The import process of the structure of the antibody in CDD Vault is described in the next chapter.
Note: The system will give you an error if your disulfide bond amino acid position is NOT a cysteine.
Step 2: importing the antibody in CDD Vault
Once a data file has been created, the next step is to access the Import Data panel in your Vault and select your file. For a detailed guide on the import process, please refer to Importing the first compound library.

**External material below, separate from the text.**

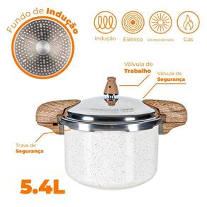 Panela Antiaderente Vanilla Brinox 5,4L Indução Ceramiclife Pressure 4953/103 Panela 5,4L Ceramiclife - Brinox A panela Ceramiclife conta com estrutura de alumínio com revestimento cerâmico que cozinha os alimentos por igual e mais rápido, dissipando melhor o calor, proporcionando um maior aproveitamento de nutrientes dos alimentos agora com exclusivo fundo de indução, que funciona em todos os tipos de fogões, para você passar menos tempo cozinhando e ter mais segurança durante os preparos. Além disso, suas paredes externas possuem pintura na cor Vanilla trazendo mais sofisticação para a sua cozinha. Seu cabo e alça de baquelite com revestimento soft touch em tons amadeirados proporcionam mais conforto e melhor manuseio, já que possuem toque macio e não esquentam. possui 2 anos de e 4 dispositivos de segurança uma trava, duas válvulas de trabalho e um escape de segurança . Medidas aproximadas: Capacidade: 5,4L Diâmetro: 22cm Altura: 15 cm Peso: 1,88Kg Orientações: Ao utilizar utensílios quentes tenha cuidado redobrado. Se necessário, utilize proteção para as mãos e mantenha fora do alcance de crianças. Para sua segurança, ao utilizar utensílios com cabos, mantenha os mesmos sempre voltados para o centro do fogão. Ao utilizar seu utensílio em fogões com grade, mantenha a peça centralizada e alinhe o cabo com a grade, para reduzir o risco de queda. Para descarte do produto e embalagem siga as orientações de reciclagem vigentes. Características: Marca: Brinox Referência: 4953/103 Material: Corpo de alumínio, Revestimento interno e externo de antiaderente Ceramiclife, Alças e cabos de baquelite com revestimento softtouch. Quantidade: 1 peça Cor: Vanilla Imagens Ilustrativas. Marca: Não Informado

Proceed by selecting the “Compose macromolecules from columns” option from the drop-down menu, and click on “Update”. In the following step, select the “Antibody/ADC” option from the radio button.
If you have a sequence with annotated regions, your screen will look something like this:
Proceed by mapping the Light and Heavy chain fields to the corresponding column in your datasheet. If you are working with an asymmetric antibody, you can mark 3 chains (H1,H2, Light or Heavy, L1, L2) or 4 chains (H1,H2,L1,L2) In this case, your screen will look something like this:
Please note: at this step you do not need to map the Name column.
Once you have mapped all fields to the corresponding column, click on “Process File”.
Once the file is processed, a new column is added to the table in the Import flow, with the header “$MIXFILE_JSON”. This should be automatically mapped to the Antibody field of CDD Vault as in the screenshot below:
You can now map additional fields, such as “Name” to Synonym, or other columns that you may have added in your datasheet. Once all fields are mapped, you can commit the resulting entity to your vault and proceed to use it as your other molecules within the Vault.
Please note: while you do not need to import the column sequence chains again since their information is embedded in the “$MIXFILE_JSON” column, you can decide to import them in user-defined fields at the Molecule level to later search for them in CDD Vault.